Try it: Output the data word for word, dropping every image.

START Exercise input

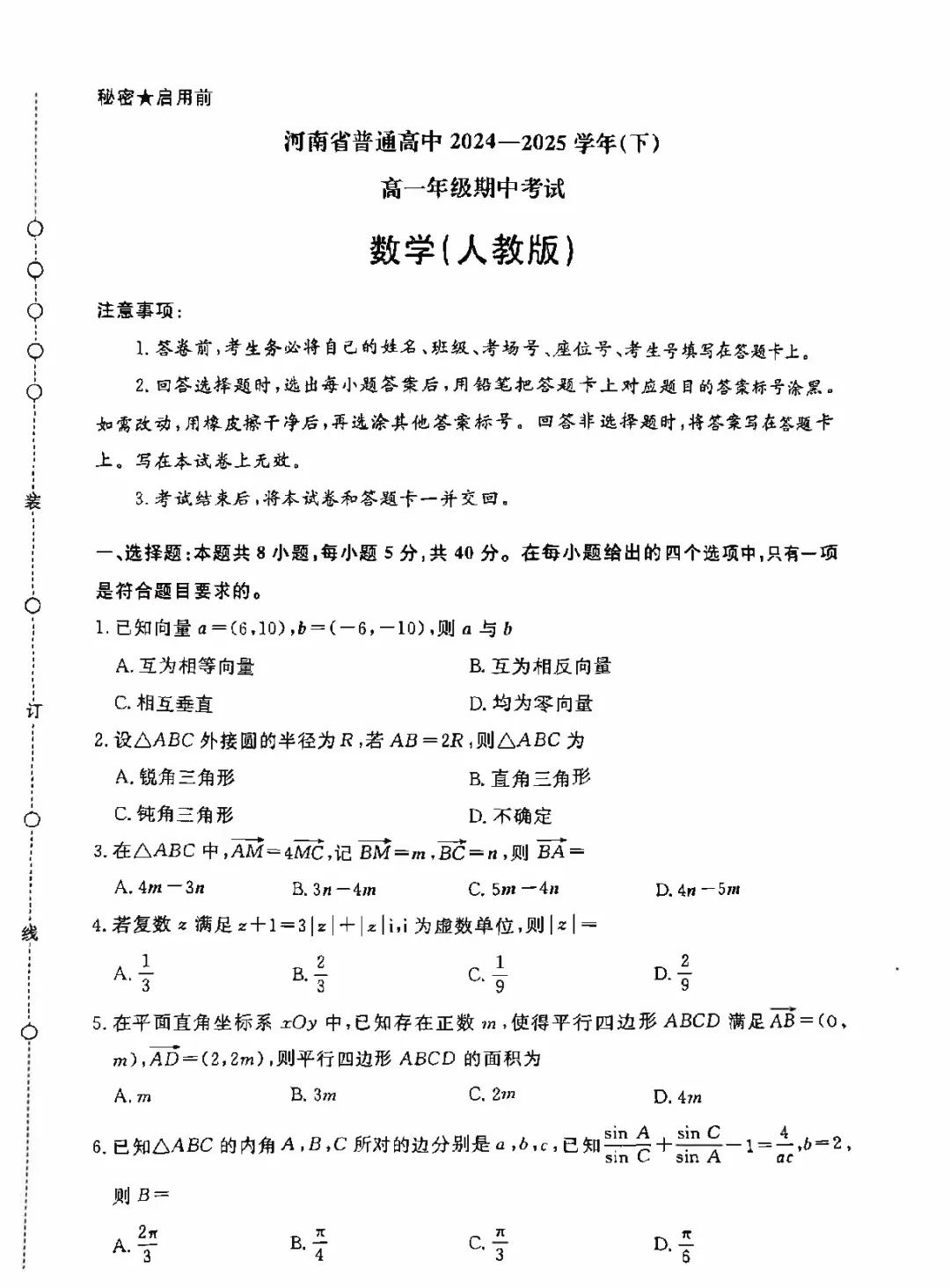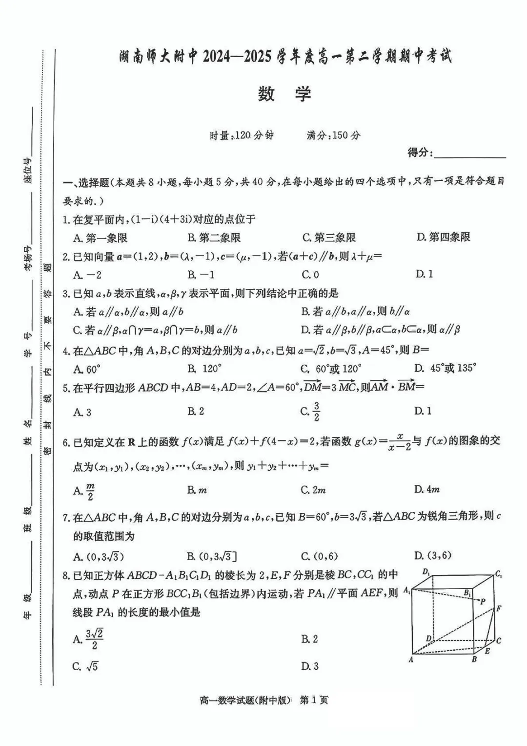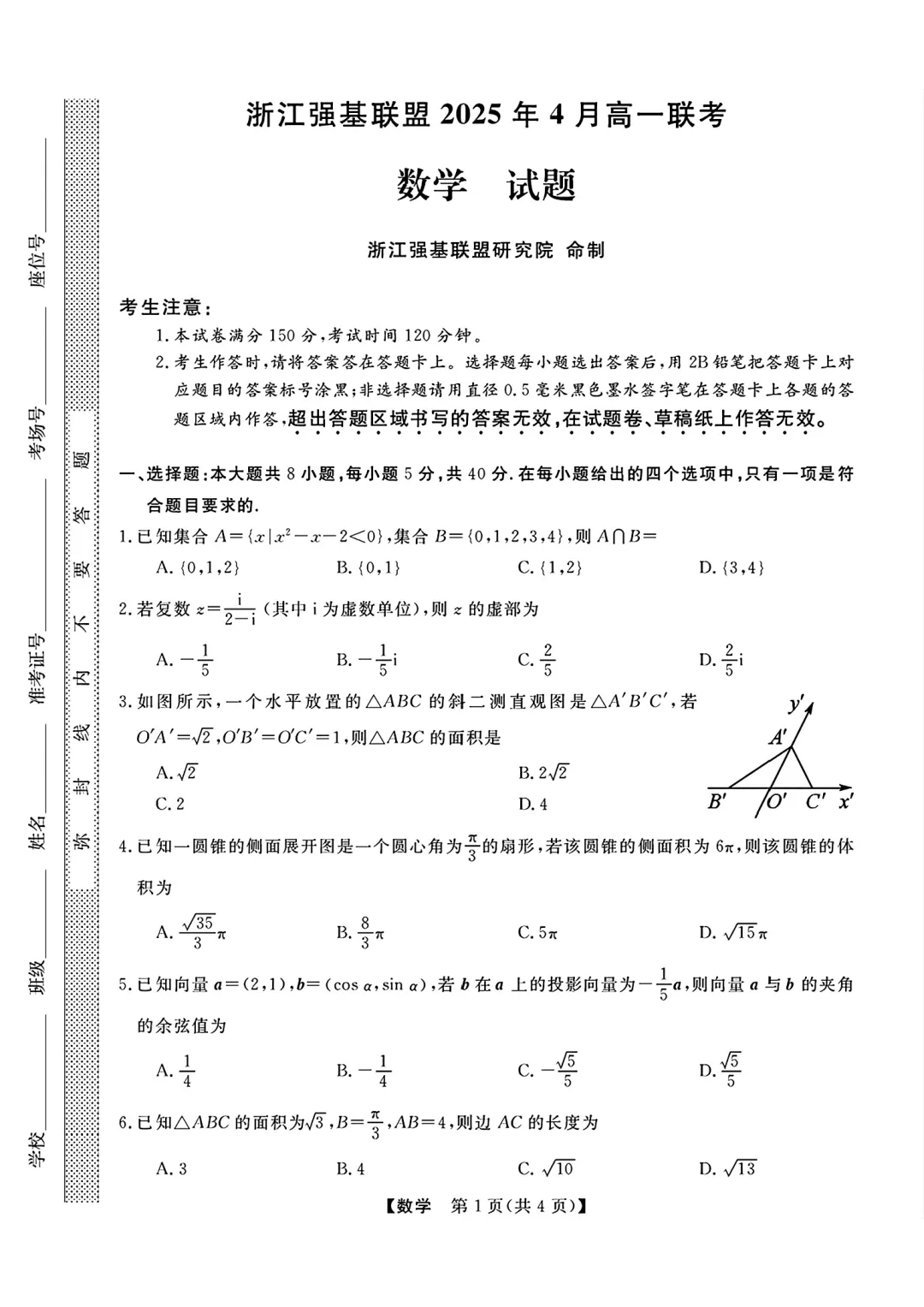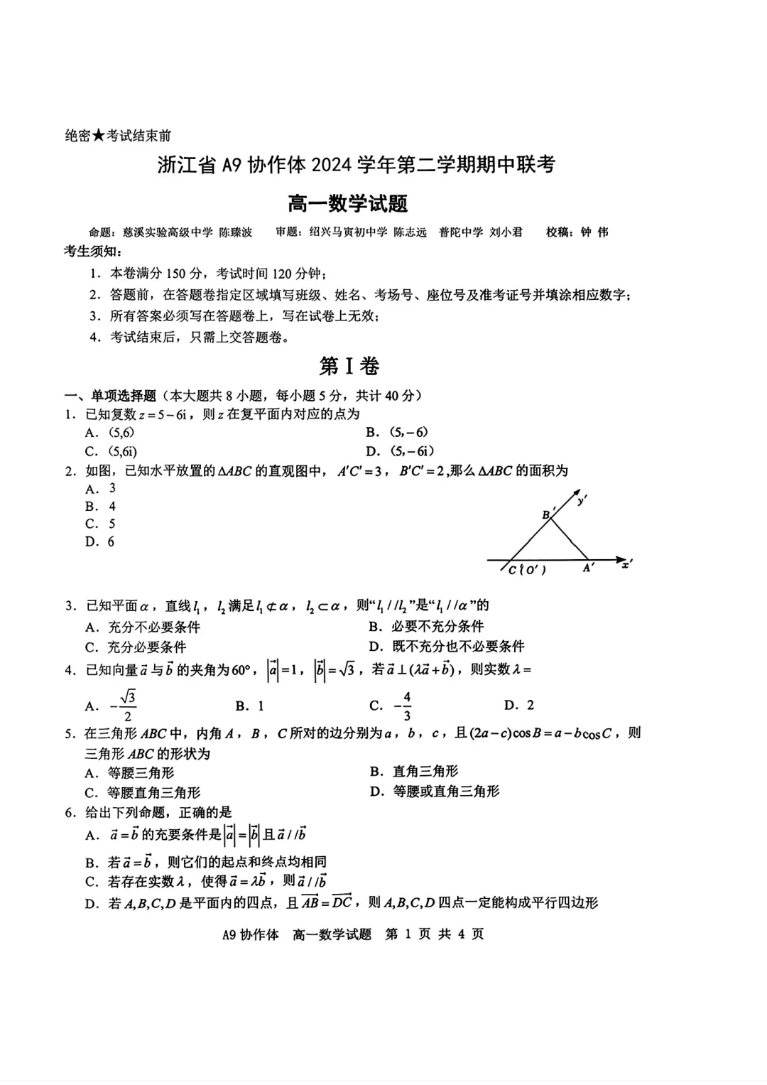 2504-高一下期中考
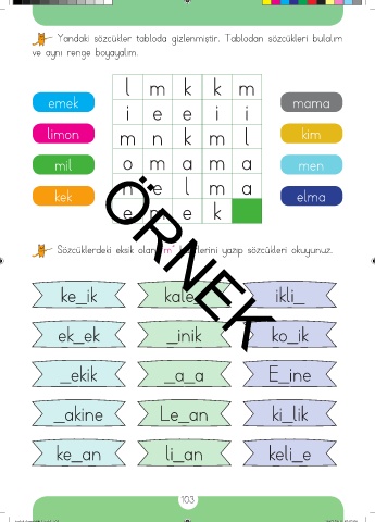 Sözcüklerdeki eksik olan “m” harflerini yazıp sözcükleri okuyunuz.
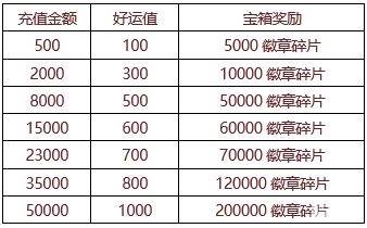【活动内容】活动期间可通过充值金币获得好运值,积累好运值即可打开宝箱奖励,超多的徽章碎片,徽章等级不断攀升,绝对超值的提升战力资源,尽在特惠好礼。
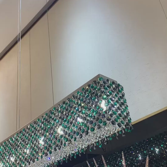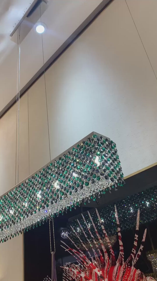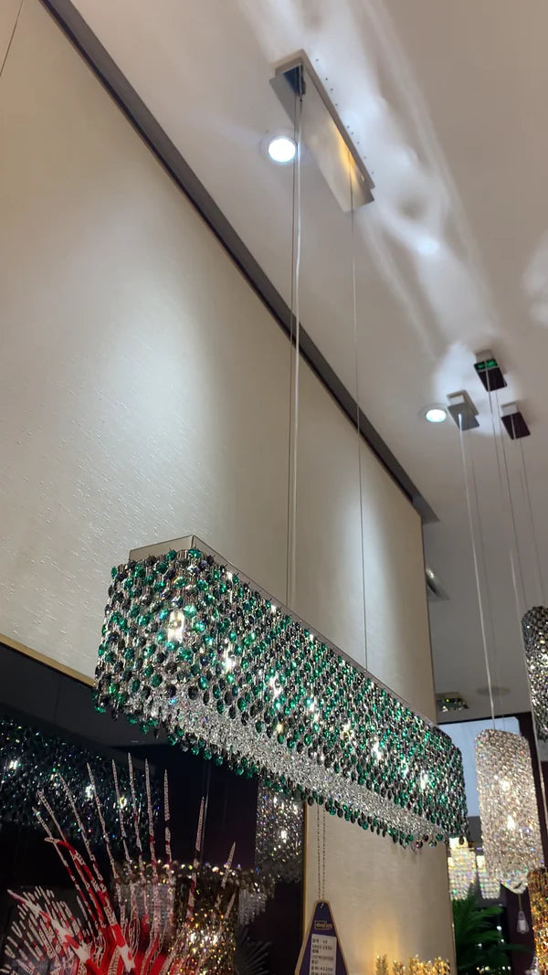 Modern Rectangular Green/Smoky Grey Crystal Chandelier for Dining Room
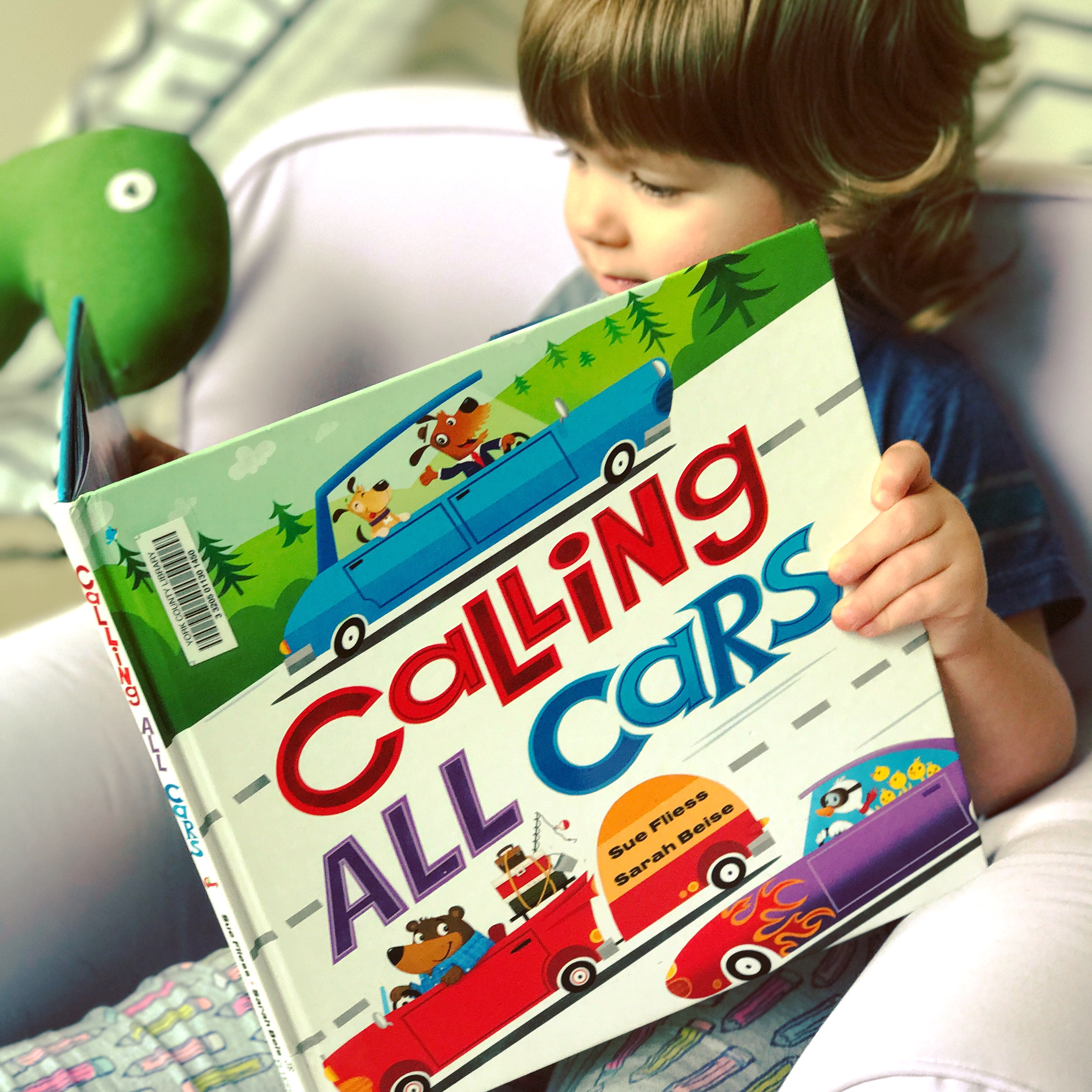 Hello, friends! Today’s review is Calling All Cars by Sue Fliess and Sarah Beise, a simple and colorful book of cars for little ones.
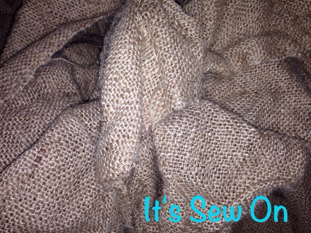 Then pull it. I pull some then gather and scrunch the burlap to the other end and make a small v like clip to cut the other end free.
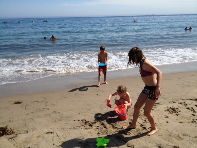 Efter ett par timmar på stranden där barnen kämpade för att skydda sitt sandslott.....
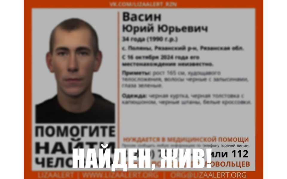 В Рязанском районе нашли пропавшего 34-летнего Юрия Васина. Об этом сообщает ПСО «ЛизаАлерт» Рязанской области.
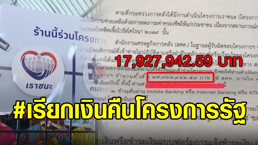 เสียงวิจารณ์ #เรียกเงินคืนโครงการรัฐ หลังร้านค้าทำผิดกฎ เจอหมายเรียกคืนเงิน ยอดสูงสุด 17 ล้าน
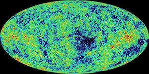 The figure shows a detailed, all-sky picture of the infant universe created from nine years of WMAP data. The different colours in this picture show that the Universe 300 000 years after the Big Bang was not the same everywhere. The colour differences indicate temperature fluctuations that correspond to the seeds that grew to become the galaxies. Source: NASA/WMAP
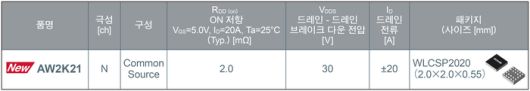 로옴 주식회사(이하 로옴)는 2.0mm×2.0mm 패키지 사이즈로 낮은 ON 저항의 Nch 30V 내압 공통 소스로 구성된 MOSFET 'AW2K21'을 개발했다고 밝혔다.
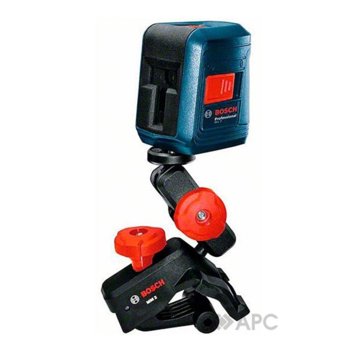 GLL2+MM2 (0601063A01) — професійний лазерний нівелір. Цей прилад і подібні йому служать для проектування точок/ліній на поверхню, що дозволяє проконтролювати вертикаль або горизонталь поверхні, а також точність прямих кутів. Забезпечує точну розмітку, яка допомагає в майбутній роботі для вирівнювання стін, стелі, підлоги і так далі. Діапазон вимірювання складає 10 м. Похибка на рівні ± 0,5 мм/м. Перехрестя: Так. Живлення від 2 батарей типу АА.
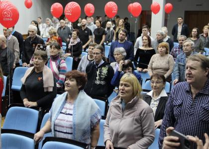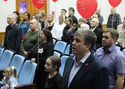 В зале библиотеки собрались не только члены КПРФ, их близкие, сторонники партии, но и все желающие из числа горожан, вход на мероприятие был свободным. Начался концерт с вручения партийных билетов новым членам партии, а также с исполнения «Интернационала».
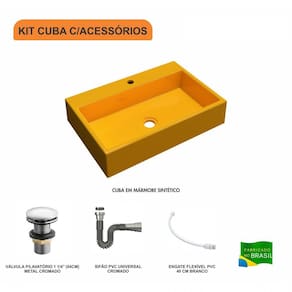 O Kit KTCART550W.CL.AC04 é uma combinação perfeita da Cuba de Apoio CART550W.CL com acessórios complementares, prontos para instalação no seu lavabo ou móvel de banheiro. Ele conta com 1 Cuba de Apoio Retangular Florenza 54X36,5cm Colorida e 1 Válvula para Lavatório / Tanque Click Up 1 Polegada e meia (04cm) V04 Metal Cromado e 1 Sifão Pvc Universal Cromado e 1 Engate Flexível Pvc Branco 40cm, todos compatíveis e prontos para instalação. Acompanha Flexível: Sim Acompanha Manual de Instalação: Sim Acompanha Sifão: Sim Acompanha Torneira: Não Altura: 11 cm Comprimento: 54 cm Comprimento do Flexível: 40 cm Comprimento Máximo do Sifão: 71 cm Comprimento Mínimo do Sifão: 29 cm Cor: Amarelo Cor do Produto: Amarelo Diâmetro de Entrada do Sifão: 1.1/4 Polegadas Diâmetro de Saída do Sifão: 1.1/4 Polegadas Diâmetro do Flexível: 1/2 Polegada Diâmetro do furo: 32 mm Diâmetro para válvula: 40 mm Informações Complementares: Itens Inclusos: 1 Cuba de Apoio, 1 Válvula de Escoamento Clik Up, 1 Sifão PVC Universal Cromado, 1 Engate Flexível 40cm Largura: 36 cm Linha ou Coleção: Conect Manual de Montagem e Instalação: https://cdn2.madeiramadeira.com.br/atributo/compace/673104-ktcart550wclac04.rar Material do Flexível: PVC Material do Sifão: PVC Material Principal: Mármore Sintético Origem do Produto: Nacional Peso: 10 kg Possui furação para torneira: Sim Possui ladrão: Não Pressão Indicada do Flexível: Baixa Pressão Recomendações de Uso, Manutenção e Limpeza: Utilize flanela seca ou pano macio, levemente umedecido com água. Evite contato com produtos químicos e abrasivos (solventes, thinner, acetona etc) e não utilize nenhum tipo de esponja de aço. Para maior brilho, recomendamos a utilização de cera automotiva n° 2. Tipo de sifão: Flexível Válvula oculta: Não

END Exercise input

Task solution:
 2504-高一下期中考
 Sözcüklerdeki eksik olan “m” harflerini yazıp sözcükleri okuyunuz.
【活动内容】活动期间可通过充值金币获得好运值,积累好运值即可打开宝箱奖励,超多的徽章碎片,徽章等级不断攀升,绝对超值的提升战力资源,尽在特惠好礼。
 Modern Rectangular Green/Smoky Grey Crystal Chandelier for Dining Room
 Hello, friends! Today’s review is Calling All Cars by Sue Fliess and Sarah Beise, a simple and colorful book of cars for little ones.
 Then pull it. I pull some then gather and scrunch the burlap to the other end and make a small v like clip to cut the other end free.
 Efter ett par timmar på stranden där barnen kämpade för att skydda sitt sandslott.....
 В Рязанском районе нашли пропавшего 34-летнего Юрия Васина. Об этом сообщает ПСО «ЛизаАлерт» Рязанской области.
 เสียงวิจารณ์ #เรียกเงินคืนโครงการรัฐ หลังร้านค้าทำผิดกฎ เจอหมายเรียกคืนเงิน ยอดสูงสุด 17 ล้าน
 The figure shows a detailed, all-sky picture of the infant universe created from nine years of WMAP data. The different colours in this picture show that the Universe 300 000 years after the Big Bang was not the same everywhere. The colour differences indicate temperature fluctuations that correspond to the seeds that grew to become the galaxies. Source: NASA/WMAP
 로옴 주식회사(이하 로옴)는 2.0mm×2.0mm 패키지 사이즈로 낮은 ON 저항의 Nch 30V 내압 공통 소스로 구성된 MOSFET 'AW2K21'을 개발했다고 밝혔다.
 GLL2+MM2 (0601063A01) — професійний лазерний нівелір. Цей прилад і подібні йому служать для проектування точок/ліній на поверхню, що дозволяє проконтролювати вертикаль або горизонталь поверхні, а також точність прямих кутів. Забезпечує точну розмітку, яка допомагає в майбутній роботі для вирівнювання стін, стелі, підлоги і так далі. Діапазон вимірювання складає 10 м. Похибка на рівні ± 0,5 мм/м. Перехрестя: Так. Живлення від 2 батарей типу АА.
 В зале библиотеки собрались не только члены КПРФ, их близкие, сторонники партии, но и все желающие из числа горожан, вход на мероприятие был свободным. Начался концерт с вручения партийных билетов новым членам партии, а также с исполнения «Интернационала».
 O Kit KTCART550W.CL.AC04 é uma combinação perfeita da Cuba de Apoio CART550W.CL com acessórios complementares, prontos para instalação no seu lavabo ou móvel de banheiro. Ele conta com 1 Cuba de Apoio Retangular Florenza 54X36,5cm Colorida e 1 Válvula para Lavatório / Tanque Click Up 1 Polegada e meia (04cm) V04 Metal Cromado e 1 Sifão Pvc Universal Cromado e 1 Engate Flexível Pvc Branco 40cm, todos compatíveis e prontos para instalação. Acompanha Flexível: Sim Acompanha Manual de Instalação: Sim Acompanha Sifão: Sim Acompanha Torneira: Não Altura: 11 cm Comprimento: 54 cm Comprimento do Flexível: 40 cm Comprimento Máximo do Sifão: 71 cm Comprimento Mínimo do Sifão: 29 cm Cor: Amarelo Cor do Produto: Amarelo Diâmetro de Entrada do Sifão: 1.1/4 Polegadas Diâmetro de Saída do Sifão: 1.1/4 Polegadas Diâmetro do Flexível: 1/2 Polegada Diâmetro do furo: 32 mm Diâmetro para válvula: 40 mm Informações Complementares: Itens Inclusos: 1 Cuba de Apoio, 1 Válvula de Escoamento Clik Up, 1 Sifão PVC Universal Cromado, 1 Engate Flexível 40cm Largura: 36 cm Linha ou Coleção: Conect Manual de Montagem e Instalação: https://cdn2.madeiramadeira.com.br/atributo/compace/673104-ktcart550wclac04.rar Material do Flexível: PVC Material do Sifão: PVC Material Principal: Mármore Sintético Origem do Produto: Nacional Peso: 10 kg Possui furação para torneira: Sim Possui ladrão: Não Pressão Indicada do Flexível: Baixa Pressão Recomendações de Uso, Manutenção e Limpeza: Utilize flanela seca ou pano macio, levemente umedecido com água. Evite contato com produtos químicos e abrasivos (solventes, thinner, acetona etc) e não utilize nenhum tipo de esponja de aço. Para maior brilho, recomendamos a utilização de cera automotiva n° 2. Tipo de sifão: Flexível Válvula oculta: Não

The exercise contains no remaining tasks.